Dataset records:

BEGIN

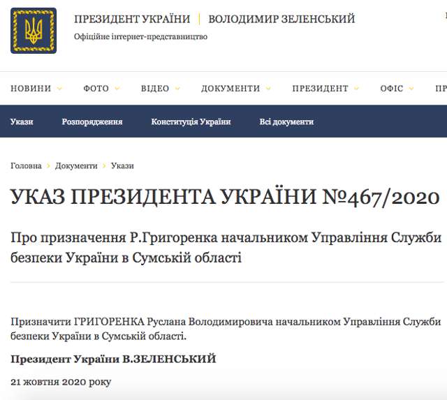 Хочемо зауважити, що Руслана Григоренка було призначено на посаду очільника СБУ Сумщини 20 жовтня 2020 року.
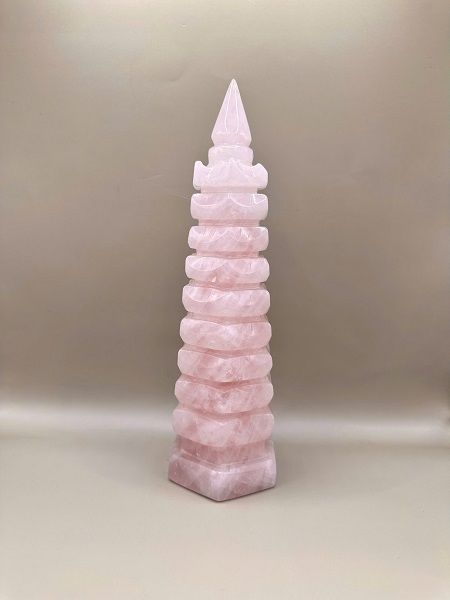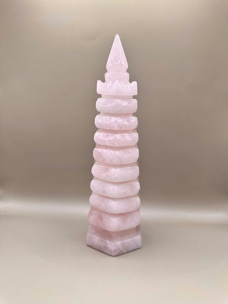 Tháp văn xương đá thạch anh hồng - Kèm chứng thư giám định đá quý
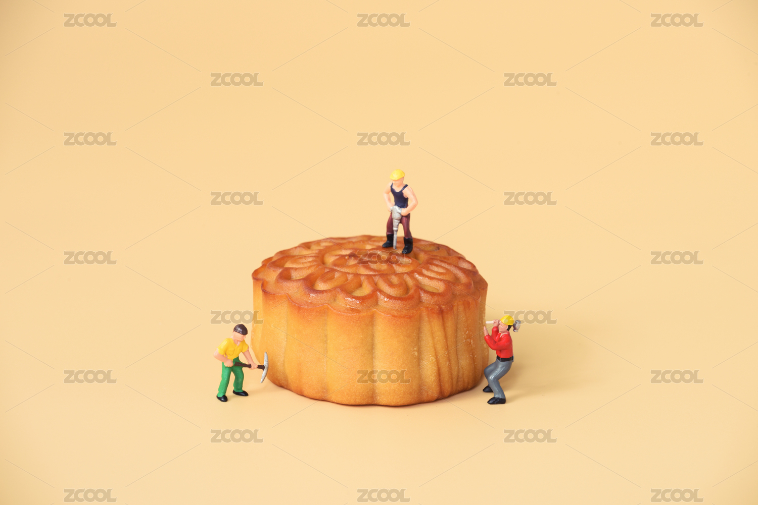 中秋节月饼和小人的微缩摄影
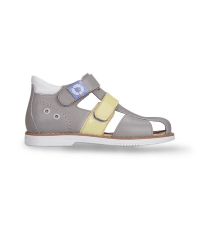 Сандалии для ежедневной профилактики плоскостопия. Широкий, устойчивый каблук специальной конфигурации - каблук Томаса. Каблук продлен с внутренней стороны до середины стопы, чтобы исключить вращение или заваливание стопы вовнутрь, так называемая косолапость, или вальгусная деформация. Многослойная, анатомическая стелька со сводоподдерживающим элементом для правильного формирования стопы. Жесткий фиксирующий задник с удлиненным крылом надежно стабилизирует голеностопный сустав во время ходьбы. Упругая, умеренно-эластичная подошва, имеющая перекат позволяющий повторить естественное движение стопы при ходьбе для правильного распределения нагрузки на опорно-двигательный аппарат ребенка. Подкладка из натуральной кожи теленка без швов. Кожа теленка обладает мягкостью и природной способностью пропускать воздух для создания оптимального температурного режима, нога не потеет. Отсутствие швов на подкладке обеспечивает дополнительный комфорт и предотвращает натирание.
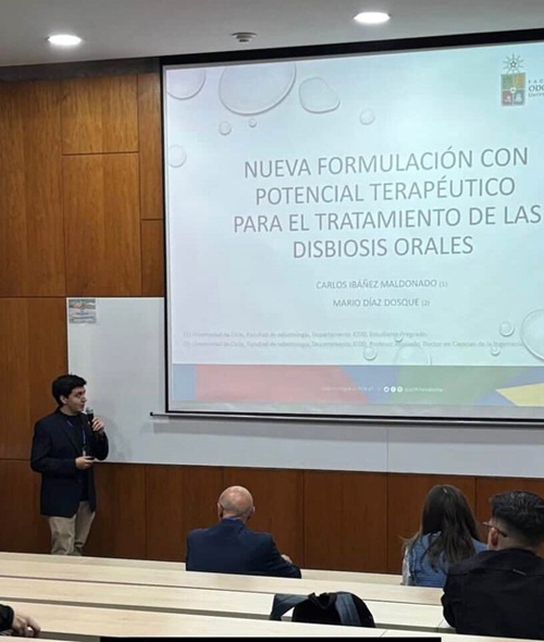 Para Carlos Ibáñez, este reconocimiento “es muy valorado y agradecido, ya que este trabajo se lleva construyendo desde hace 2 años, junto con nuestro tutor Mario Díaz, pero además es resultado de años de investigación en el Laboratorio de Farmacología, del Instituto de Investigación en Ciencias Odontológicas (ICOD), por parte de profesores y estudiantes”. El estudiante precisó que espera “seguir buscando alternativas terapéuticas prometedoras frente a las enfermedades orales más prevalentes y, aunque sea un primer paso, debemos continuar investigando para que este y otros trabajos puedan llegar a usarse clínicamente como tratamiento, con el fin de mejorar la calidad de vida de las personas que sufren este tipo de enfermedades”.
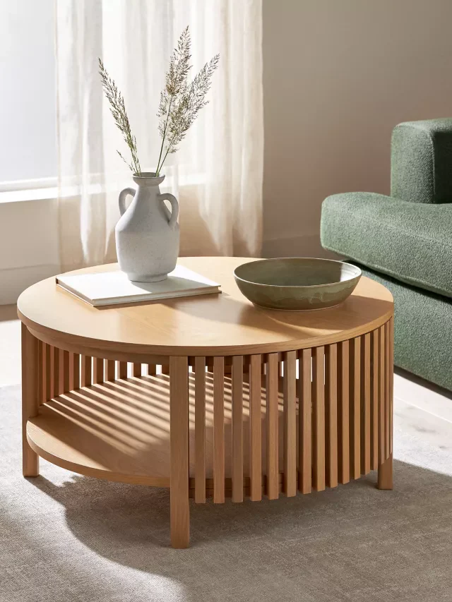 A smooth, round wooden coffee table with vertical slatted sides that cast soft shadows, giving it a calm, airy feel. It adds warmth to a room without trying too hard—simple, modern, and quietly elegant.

END
BEGIN

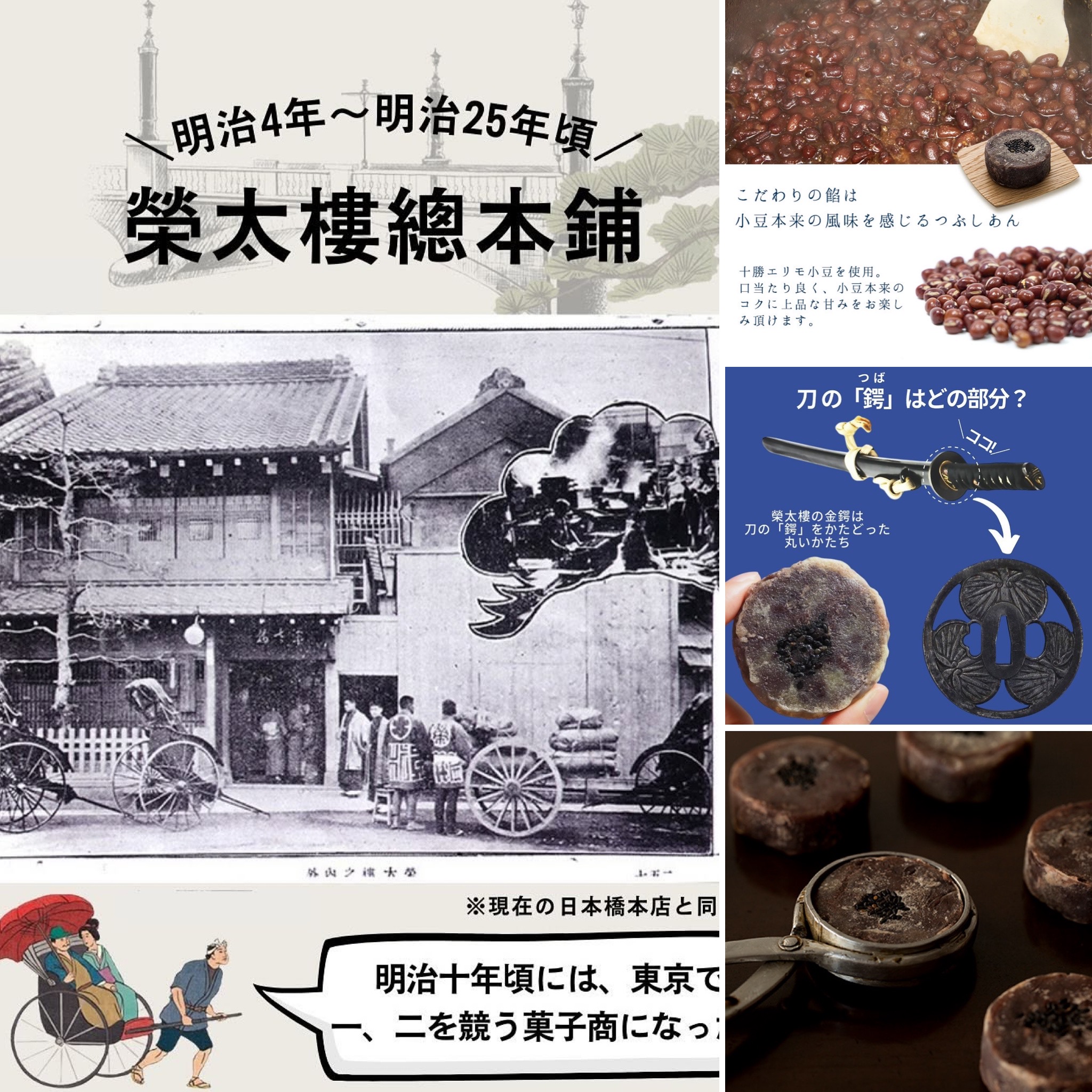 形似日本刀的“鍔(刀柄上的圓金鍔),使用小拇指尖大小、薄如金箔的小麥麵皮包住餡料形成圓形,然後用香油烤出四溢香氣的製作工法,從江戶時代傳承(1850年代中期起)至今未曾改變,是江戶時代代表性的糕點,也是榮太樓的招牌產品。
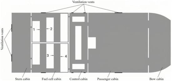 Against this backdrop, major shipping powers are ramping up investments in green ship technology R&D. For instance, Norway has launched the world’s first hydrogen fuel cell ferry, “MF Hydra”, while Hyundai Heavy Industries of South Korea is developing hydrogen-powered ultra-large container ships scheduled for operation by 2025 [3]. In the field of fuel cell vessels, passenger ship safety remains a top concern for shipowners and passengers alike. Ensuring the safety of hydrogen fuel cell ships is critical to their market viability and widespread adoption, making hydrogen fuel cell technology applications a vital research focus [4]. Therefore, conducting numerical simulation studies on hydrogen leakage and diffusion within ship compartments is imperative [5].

END
BEGIN

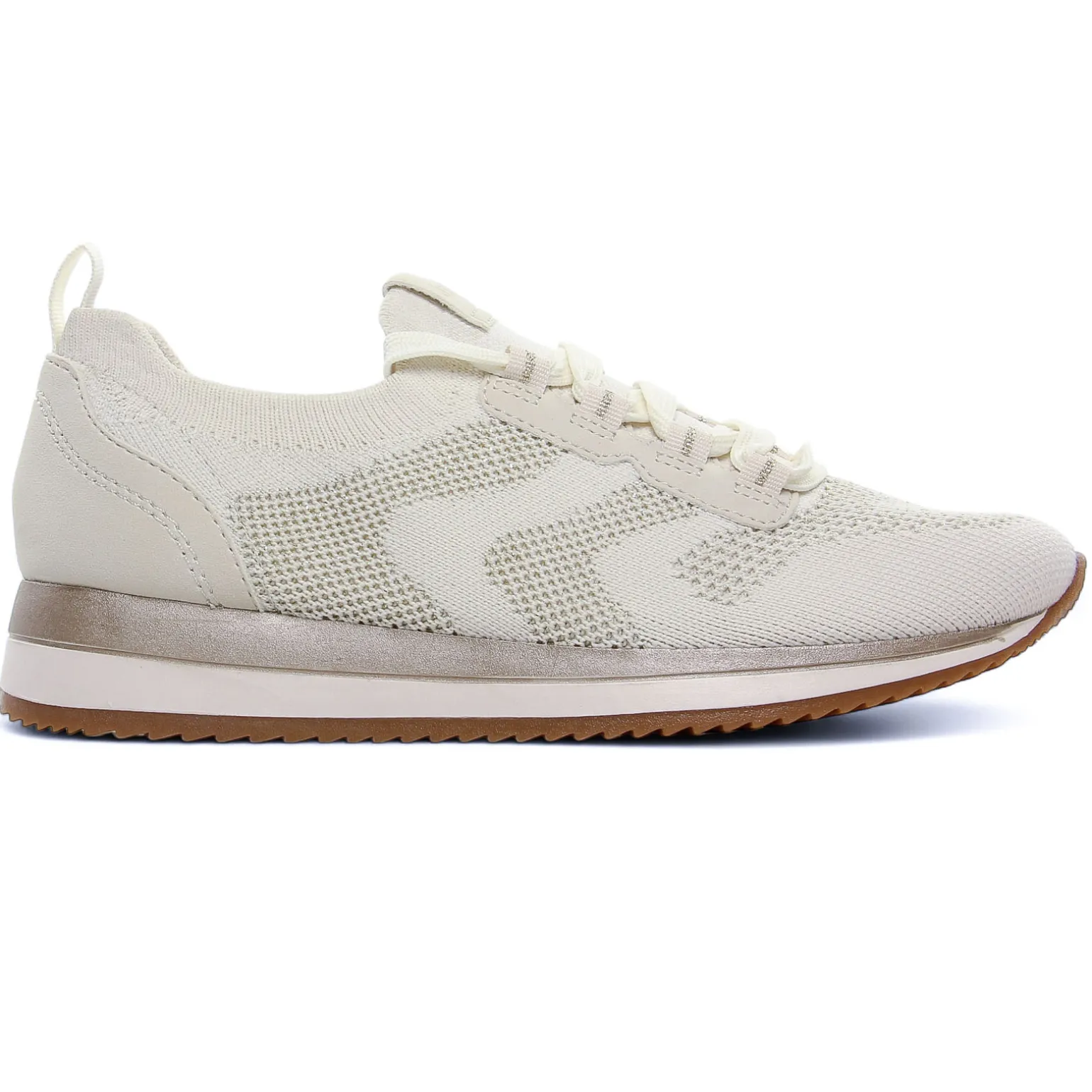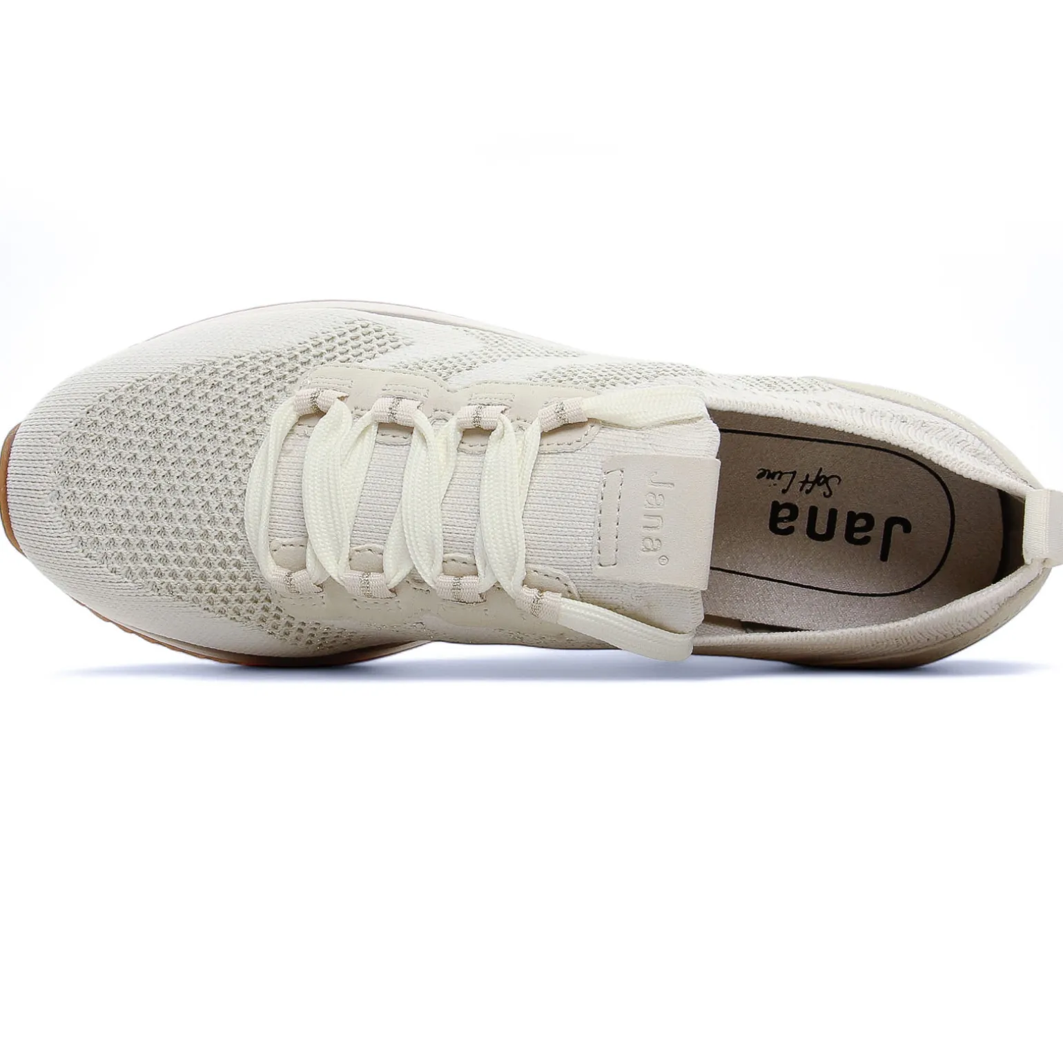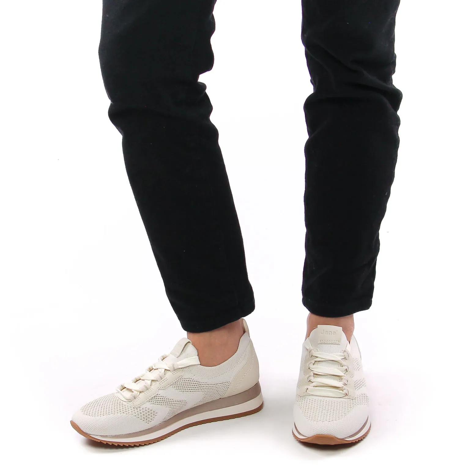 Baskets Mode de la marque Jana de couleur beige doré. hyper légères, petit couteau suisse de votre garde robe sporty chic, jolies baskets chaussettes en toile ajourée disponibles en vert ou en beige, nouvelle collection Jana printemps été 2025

END

Would you give again, exactly, the lines in the data above that run from the line containing "Хочемо зауважити, що" to the line containing "Сандалии для ежедневной"? Include both ends and no pictures.

Written answer:
 Хочемо зауважити, що Руслана Григоренка було призначено на посаду очільника СБУ Сумщини 20 жовтня 2020 року.
 Tháp văn xương đá thạch anh hồng - Kèm chứng thư giám định đá quý
 中秋节月饼和小人的微缩摄影
 Сандалии для ежедневной профилактики плоскостопия. Широкий, устойчивый каблук специальной конфигурации - каблук Томаса. Каблук продлен с внутренней стороны до середины стопы, чтобы исключить вращение или заваливание стопы вовнутрь, так называемая косолапость, или вальгусная деформация. Многослойная, анатомическая стелька со сводоподдерживающим элементом для правильного формирования стопы. Жесткий фиксирующий задник с удлиненным крылом надежно стабилизирует голеностопный сустав во время ходьбы. Упругая, умеренно-эластичная подошва, имеющая перекат позволяющий повторить естественное движение стопы при ходьбе для правильного распределения нагрузки на опорно-двигательный аппарат ребенка. Подкладка из натуральной кожи теленка без швов. Кожа теленка обладает мягкостью и природной способностью пропускать воздух для создания оптимального температурного режима, нога не потеет. Отсутствие швов на подкладке обеспечивает дополнительный комфорт и предотвращает натирание.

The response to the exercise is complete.